### Brief
Every line with the string "Figure" must be copied from the entries below.

■ ■ ■

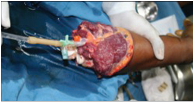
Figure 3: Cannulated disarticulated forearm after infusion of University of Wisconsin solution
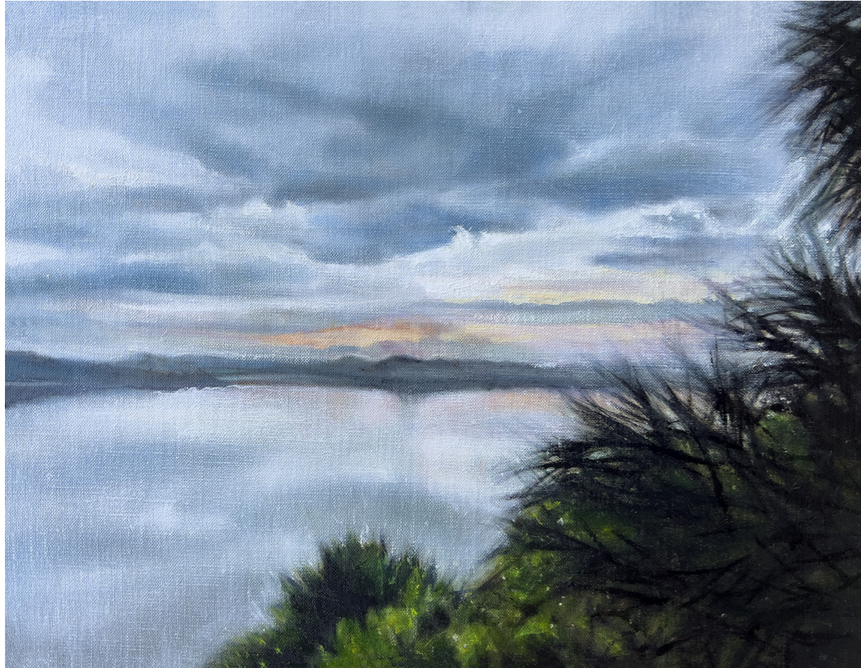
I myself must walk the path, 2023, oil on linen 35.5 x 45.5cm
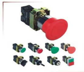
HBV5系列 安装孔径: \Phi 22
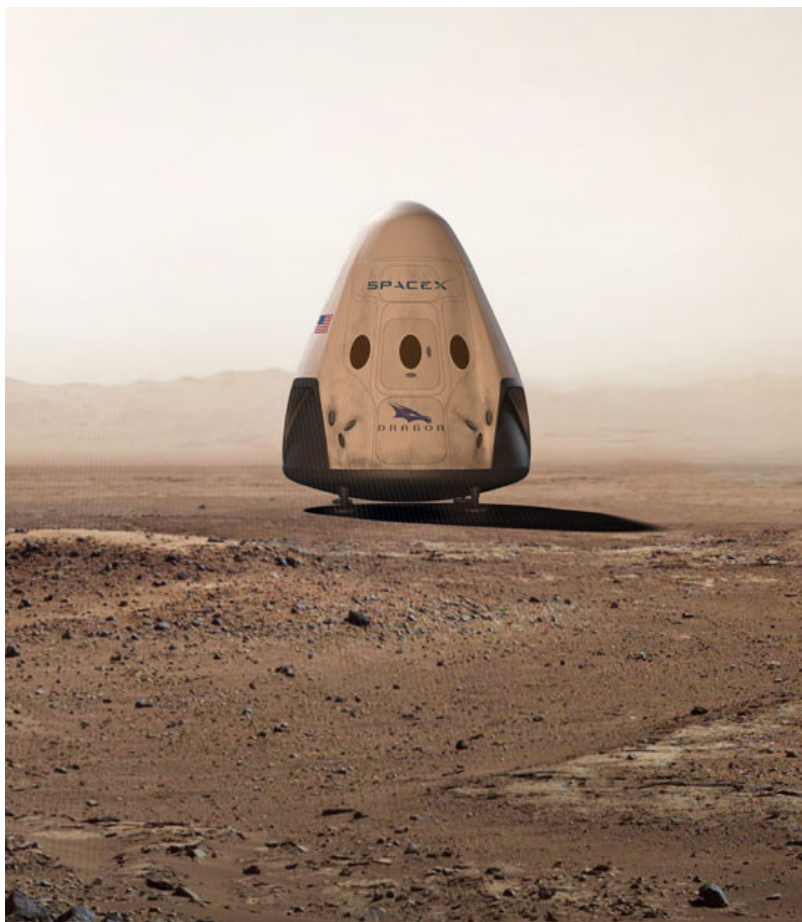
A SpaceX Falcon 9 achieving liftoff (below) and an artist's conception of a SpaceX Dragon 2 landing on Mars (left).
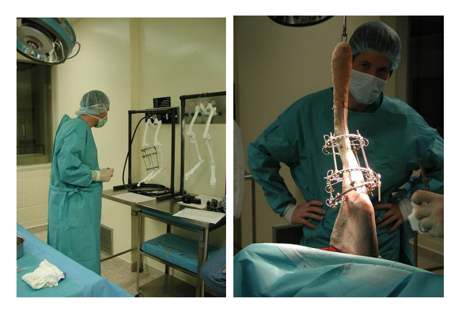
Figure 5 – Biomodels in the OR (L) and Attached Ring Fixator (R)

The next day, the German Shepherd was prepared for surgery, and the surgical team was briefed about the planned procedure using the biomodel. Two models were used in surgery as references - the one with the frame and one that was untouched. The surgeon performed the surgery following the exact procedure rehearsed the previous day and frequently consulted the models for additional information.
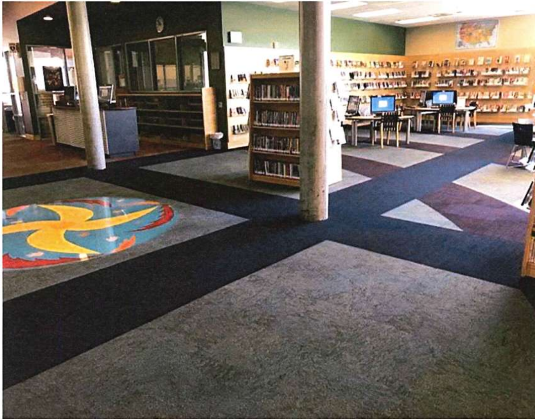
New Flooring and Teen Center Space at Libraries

■ ■ ■

### Exercise result
Figure 3: Cannulated disarticulated forearm after infusion of University of Wisconsin solution
Figure 5 – Biomodels in the OR (L) and Attached Ring Fixator (R)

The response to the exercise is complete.